Thanks for sharing Dan Agbese’s 2000 article about Haroun Adamu’s probe
of the Petroleum Trust Fund. It seems that people are digging but I can
tell you that left to himself alone Buhari cannot device ways of being
dishonest but in league with others, he has never had any problem
partaking in dishonesty. That, in fact, is his current situation.

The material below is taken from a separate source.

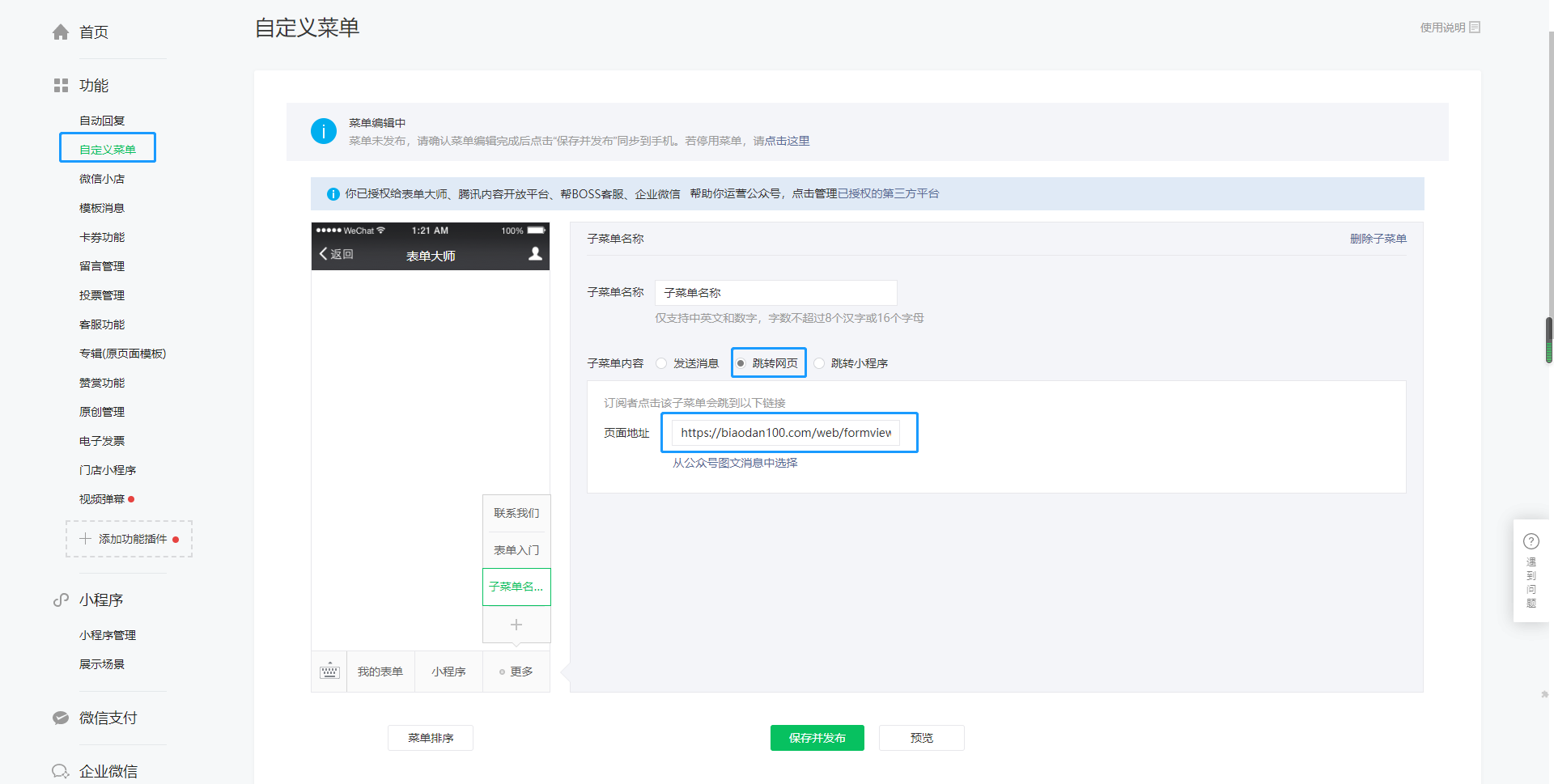 通过公众号的自定义菜单挂载表单小程序(以服务号为例)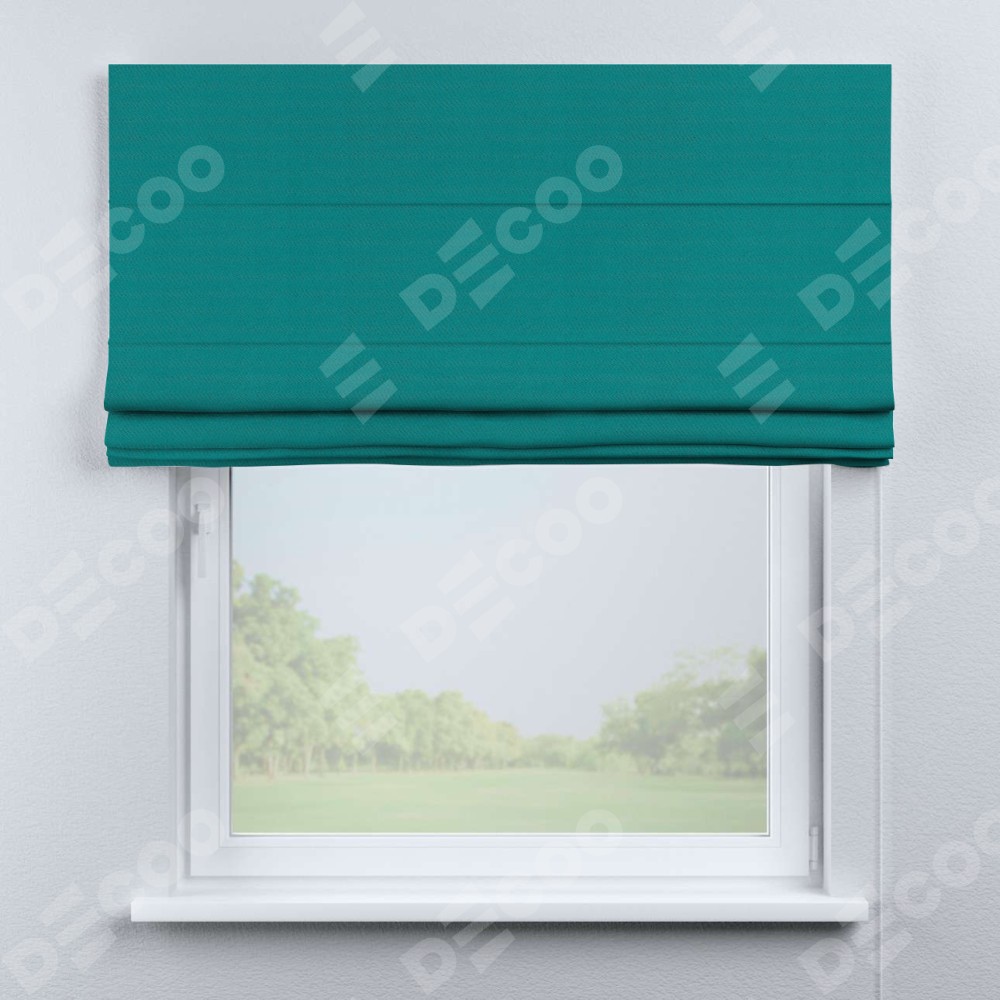 Римская штора производителя «Cortin», используется для проёма, пошита из ткани блэкаут однотонный бирюзовый, артикул ткани 88297. Имеет универсальный механизм и подходит для монтажа: на потолок, на стену и в нишу.

Any expectation that a Buhari government will make an impact in dealing
with the problem of dishonesty in government is fantasy as I have
consistently maintained. Headline making stories are only a minor
reflection of the scale of the problem of dishonesty. Buhari knows
nothing about relevant policy formulation and it is not a priority for
his current leader, Asiwaju.
Buhari didn’t run the PTF. He left it to the late Salihidjo Ahmad who
came from his circle of friends and family, and went to sleep. It was
run just like any old corrupt Nigerian government venture. No difference
whatsoever. Its officials took bribes, awarded overinflated contracts
and the like. As a result of this, one of the men on the board of the
PTF, the late Group Captain Usman Jibrin who would have none of it
decided to resign. Buhari stayed put.
I also see you paying attention to Obasanjo’s self-serving talk.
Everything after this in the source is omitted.